» Work instructions: Below are entries. Give back exactly the lines from the one containing "6. If a front-end" through the one containing "デザインHTMLコーディング", inclusive, without the pictures.

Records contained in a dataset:
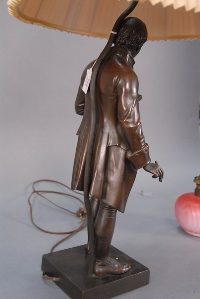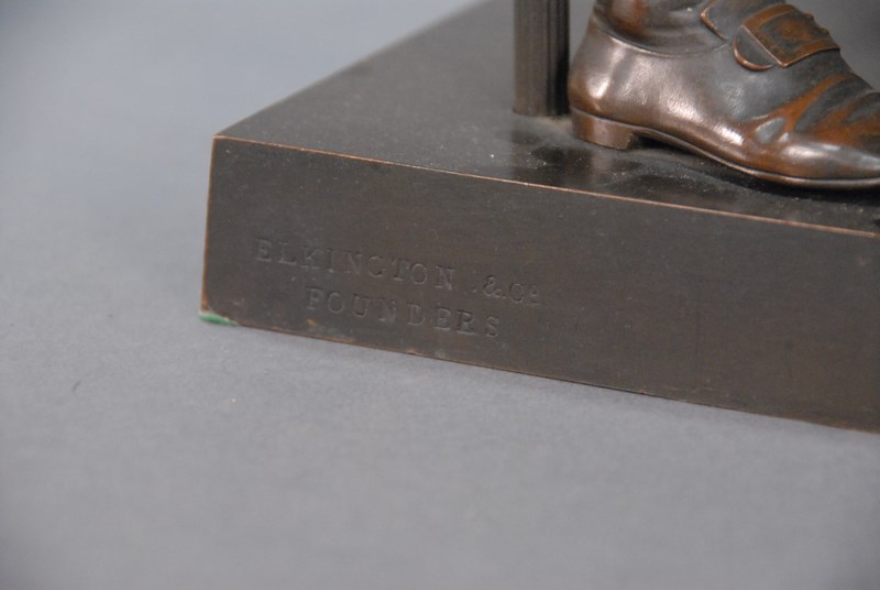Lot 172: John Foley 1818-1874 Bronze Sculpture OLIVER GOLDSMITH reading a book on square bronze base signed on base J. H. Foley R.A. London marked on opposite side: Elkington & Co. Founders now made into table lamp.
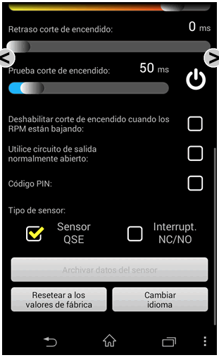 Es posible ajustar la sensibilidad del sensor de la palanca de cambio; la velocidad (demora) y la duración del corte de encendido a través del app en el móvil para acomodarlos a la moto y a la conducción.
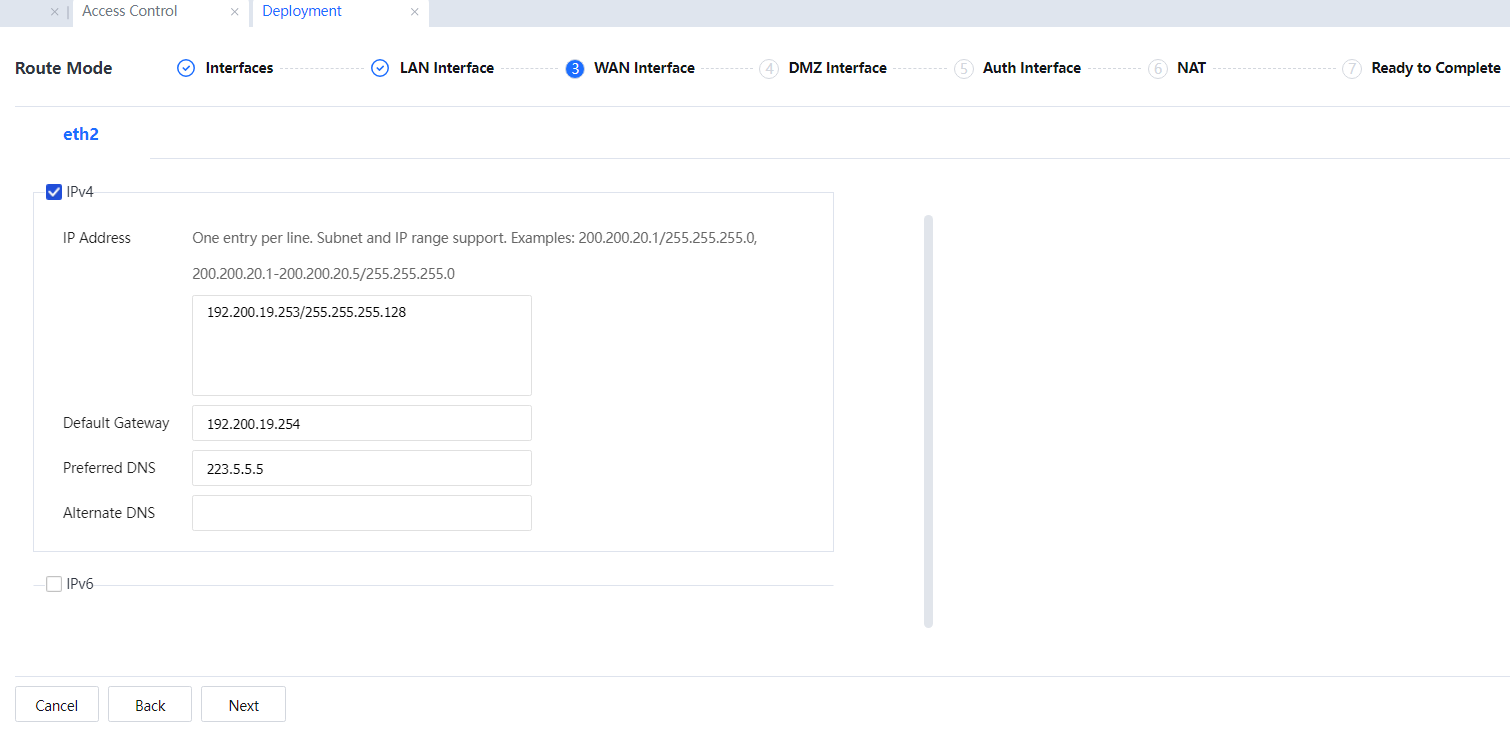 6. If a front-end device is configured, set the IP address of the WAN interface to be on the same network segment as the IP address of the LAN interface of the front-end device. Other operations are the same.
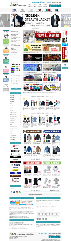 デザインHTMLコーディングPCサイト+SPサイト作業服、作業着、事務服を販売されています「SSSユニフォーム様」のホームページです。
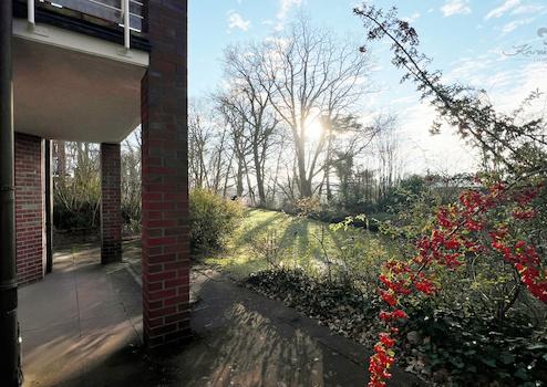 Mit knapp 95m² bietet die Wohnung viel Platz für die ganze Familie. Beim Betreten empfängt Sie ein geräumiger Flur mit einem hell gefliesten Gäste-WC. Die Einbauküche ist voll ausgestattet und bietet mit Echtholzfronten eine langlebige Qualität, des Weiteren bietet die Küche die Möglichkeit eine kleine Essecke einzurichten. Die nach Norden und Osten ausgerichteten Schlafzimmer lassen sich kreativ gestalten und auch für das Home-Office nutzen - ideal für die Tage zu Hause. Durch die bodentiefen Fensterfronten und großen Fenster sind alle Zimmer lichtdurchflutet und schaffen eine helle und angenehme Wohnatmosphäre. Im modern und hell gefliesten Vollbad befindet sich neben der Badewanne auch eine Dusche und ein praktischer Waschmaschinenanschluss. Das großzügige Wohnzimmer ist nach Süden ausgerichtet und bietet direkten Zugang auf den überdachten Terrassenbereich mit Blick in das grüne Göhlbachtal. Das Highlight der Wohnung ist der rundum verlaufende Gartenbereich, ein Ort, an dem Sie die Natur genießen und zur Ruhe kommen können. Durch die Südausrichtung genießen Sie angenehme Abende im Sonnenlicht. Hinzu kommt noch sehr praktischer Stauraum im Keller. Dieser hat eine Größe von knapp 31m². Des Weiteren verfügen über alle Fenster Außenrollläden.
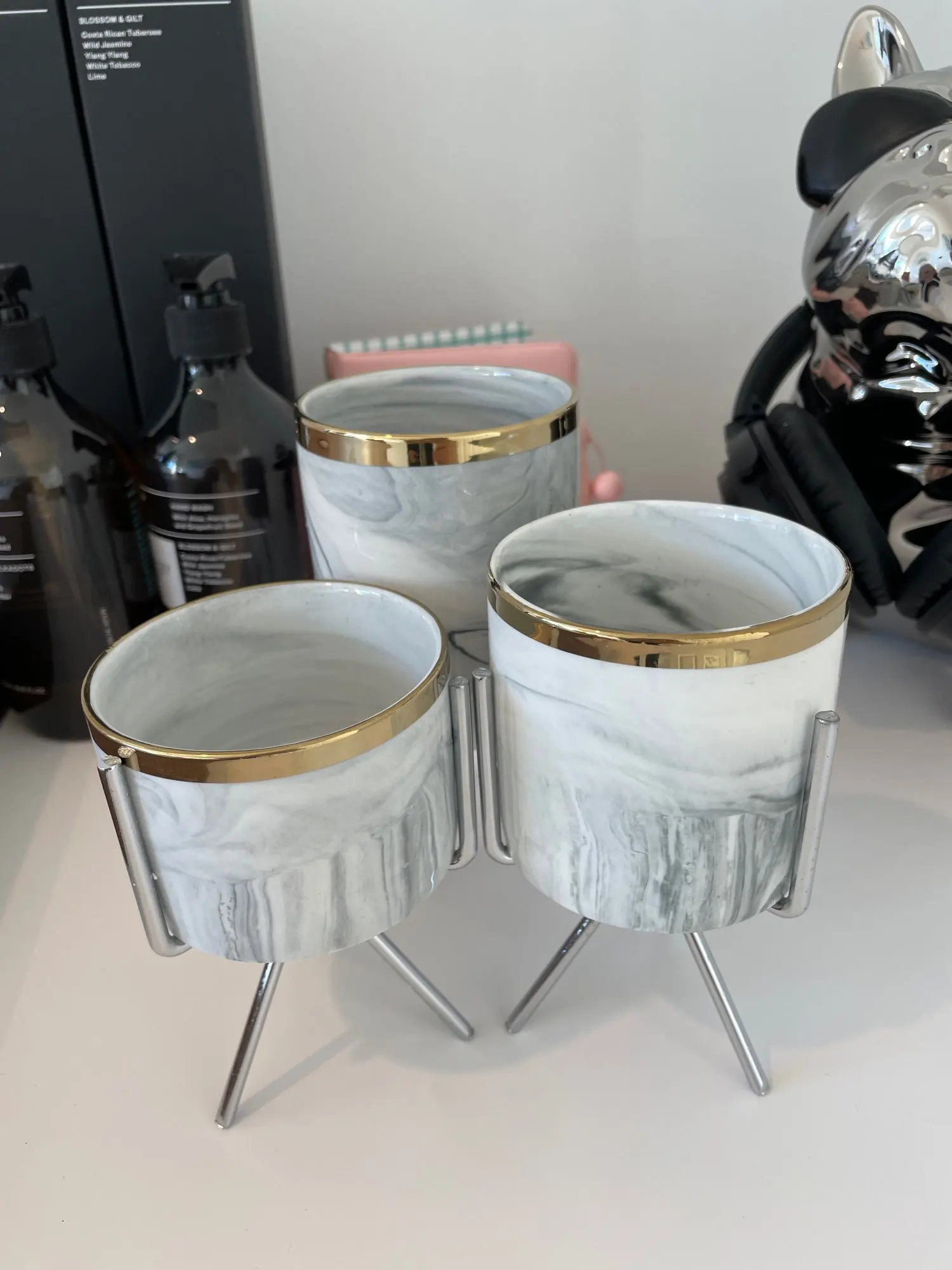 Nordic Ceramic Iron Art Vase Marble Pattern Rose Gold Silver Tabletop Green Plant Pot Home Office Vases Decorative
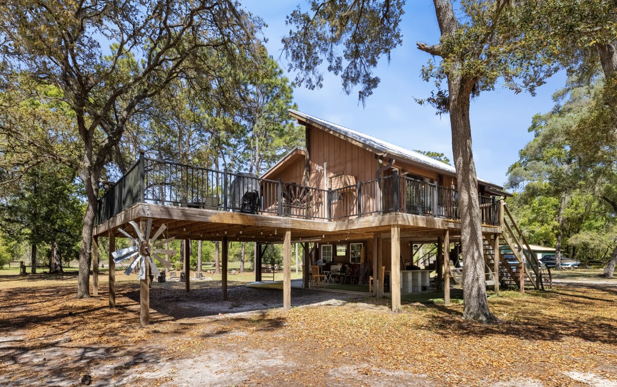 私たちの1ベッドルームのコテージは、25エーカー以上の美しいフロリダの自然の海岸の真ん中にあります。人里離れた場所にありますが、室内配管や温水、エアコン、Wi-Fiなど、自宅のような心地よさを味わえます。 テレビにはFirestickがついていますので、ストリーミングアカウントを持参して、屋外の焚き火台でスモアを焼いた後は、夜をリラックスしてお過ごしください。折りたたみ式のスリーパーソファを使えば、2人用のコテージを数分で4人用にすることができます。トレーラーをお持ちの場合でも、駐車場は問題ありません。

» Expected answer:
 6. If a front-end device is configured, set the IP address of the WAN interface to be on the same network segment as the IP address of the LAN interface of the front-end device. Other operations are the same.
 デザインHTMLコーディングPCサイト+SPサイト作業服、作業着、事務服を販売されています「SSSユニフォーム様」のホームページです。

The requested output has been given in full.